Lanitis Andreas, Draganova Chrisina, Christodoulou Chris
Department of Computer Science and Engineering, Cyprus College, Nicosia, Cyprus.
IEEE Trans Syst Man Cybern B Cybern. 2004 Feb;34(1):621-8. doi: 10.1109/tsmcb.2003.817091.
We describe a quantitative evaluation of the performance of different classifiers in the task of automatic age estimation. In this context, we generate a statistical model of facial appearance, which is subsequently used as the basis for obtaining a compact parametric description of face images. The aim of our work is to design classifiers that accept the model-based representation of unseen images and produce an estimate of the age of the person in the corresponding face image. For this application, we have tested different classifiers: a classifier based on the use of quadratic functions for modeling the relationship between face model parameters and age, a shortest distance classifier, and artificial neural network based classifiers. We also describe variations to the basic method where we use age-specific and/or appearance specific age estimation methods. In this context, we use age estimation classifiers for each age group and/or classifiers for different clusters of subjects within our training set. In those cases, part of the classification procedure is devoted to choosing the most appropriate classifier for the subject/age range in question, so that more accurate age estimates can be obtained. We also present comparative results concerning the performance of humans and computers in the task of age estimation. Our results indicate that machines can estimate the age of a person almost as reliably as humans.

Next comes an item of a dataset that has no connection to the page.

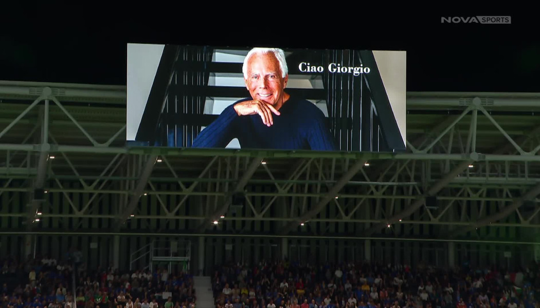 Σε μια συγκινητική στιγμή πριν από τη σέντρα του αγώνα Ιταλία – Εσθονία στο Μπέργκαμο, η Ιταλική Ποδοσφαιρική Ομοσπονδία (FIGC) απέτισε φόρο τιμής στη μνήμη του σπουδαίου Τζιόρτζιο Αρμάνι.

我们描述了在自动年龄估计任务中对不同分类器性能的定量评估。在此背景下,我们生成了面部外观的统计模型,该模型随后被用作获取面部图像紧凑参数描述的基础。我们工作的目的是设计能够接受基于模型的未见图像表示并对相应面部图像中人物年龄进行估计的分类器。对于此应用,我们测试了不同的分类器:一种基于使用二次函数来建模面部模型参数与年龄之间关系的分类器、一种最短距离分类器以及基于人工神经网络的分类器。我们还描述了对基本方法的变体,即使用特定年龄和/或特定外观的年龄估计方法。在此背景下,我们针对每个年龄组使用年龄估计分类器和/或针对训练集中不同主体集群使用分类器。在这些情况下,部分分类过程致力于为相关的主体/年龄范围选择最合适的分类器,以便能够获得更准确的年龄估计。我们还给出了关于人类和计算机在年龄估计任务中性能的比较结果。我们的结果表明,机器在估计一个人的年龄方面几乎与人类一样可靠。